[CS Dept., U Chicago] Courses


CMSC 16100: Honors Introduction to Computer Programming I (Autumn 2003)

Homework

Assignment #4: Abstraction barriers in the PAC GUI



Assignment #4 is due at 11:59 PM on Wednesday 29 October, 2003.

This assignment is an exercise in the definition and use of data abstraction.

Section 2.1.2 of S&IoCP discusses data abstraction and its key component, the abstraction barrier. Data abstraction, does not provide any new power for computing particular functions. But it provides a crucial organizational principle, without which moderate to large pieces of software can fall into chaos. The basic idea of data abstraction is to divide the conceptual portions of a piece of software into independent domains, separated by abstraction barriers, so that we may work on any one of the domains without knowing the internal details of the others. This allows a team to divide the work on a large project among the different team members. It also allows an individual programmer to concentrate on one portion of a project at a time. For practical purposes, when dealing with complex piles of information such as programs, a single person on subsequent days of the week is a lot like a bunch of different people.

Last year's assignment #4 exercised abstraction barriers in a slightly more sophisticated fashion than this year's assignment.

0. Organization of the PAC

Look at the slightly censored code of my pretty bad prototype of the Perfectly Accurate Calculator. Make sure you are looking at the new version 1,mod1.2. I changed quite a bit from the version 1,mod1.1 that I posted with Assignment #3. As well as censoring some portions that I want you to figure out, I commented out some of my partial code, and replaced it with trivial function definitions to get off the ground.

Don't try to understand all of the code. But notice that the code has two key sections: Model, and View, with an abstraction barrier between them. The barrier is given by the list of functions starting with M-, and the list of functions starting with V-:

Model functions
Formula datatype
Operators
'+, '-, '*, '/, 'expt, 'fib
Formula constructors
  • M-empty_formula
  • M-number->formula
  • M-apply_operator_to_formulas
Formula tests and selectors
  • M-number_formula?
  • M-formula_number
  • M-formula_operator
  • M-formula_argument_list
Other Formula operations
  • M-evaluate_formula
Value datatype
Value constructor
  • M-number->value
Value tests and selectors
  • M-number_value?
  • M-value_number
Model state
  • M-set_input_formula
  • M-input_formula
  • M-set_output_formula
  • M-output_formula
View Functions

The Model component of the PAC is responsible for all of the manipulations of the basic concepts that the PAC works with---numerical values, numerical formulae, and states of operation with those. The View component is responsible for all of the interaction with a user. Definitions outside of the Model component (particularly, those in the View component) may only interact with a formula or model state through those functions from the Model component beginning with M-. Similarly, definitions outside of the View component may interact with the user interface through those functions from the View component beginning with V-. These rules establish a sort of abstraction barrier between the definitions inside each main component, and the rest of the PAC definitions.

Data abstraction is one of the key ideas in object-oriented programming.

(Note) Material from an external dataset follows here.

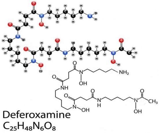 Deferoxamine, also known as desferrioxamine or desferal, is a chelating agent that is utilized to clear away unwanted excess iron or aluminum from the body. It reacts by confining exogenous free iron or aluminum in the bloodstream and reinforcing its elimination in the urine. Reproduced with permission from Cao et al., American Chemical Society, 2020 []. Abbreviations: C25H48N6O8, deferoxamine.

Some programming languages have specific constructs to indicate and enforce abstraction barriers. Abstraction barriers in Scheme are essentially voluntary. There are extra Scheme libraries that allow us to define and enforce abstraction barriers, but we will stick to the voluntary approach for now.

Within the Model component, there are subdivisions into the formula datatype, the value datatype, and the Model state. The formula and value datatypes have no need to use functions defined in the Model state subcomponent. The Model state subcomponent may only use the listed interface functions from the formula and value datatypes. It seemed excessive to add another mark for those functions, but the abstraction barriers around the two subcomponents are also important to keep the PAC code well organized.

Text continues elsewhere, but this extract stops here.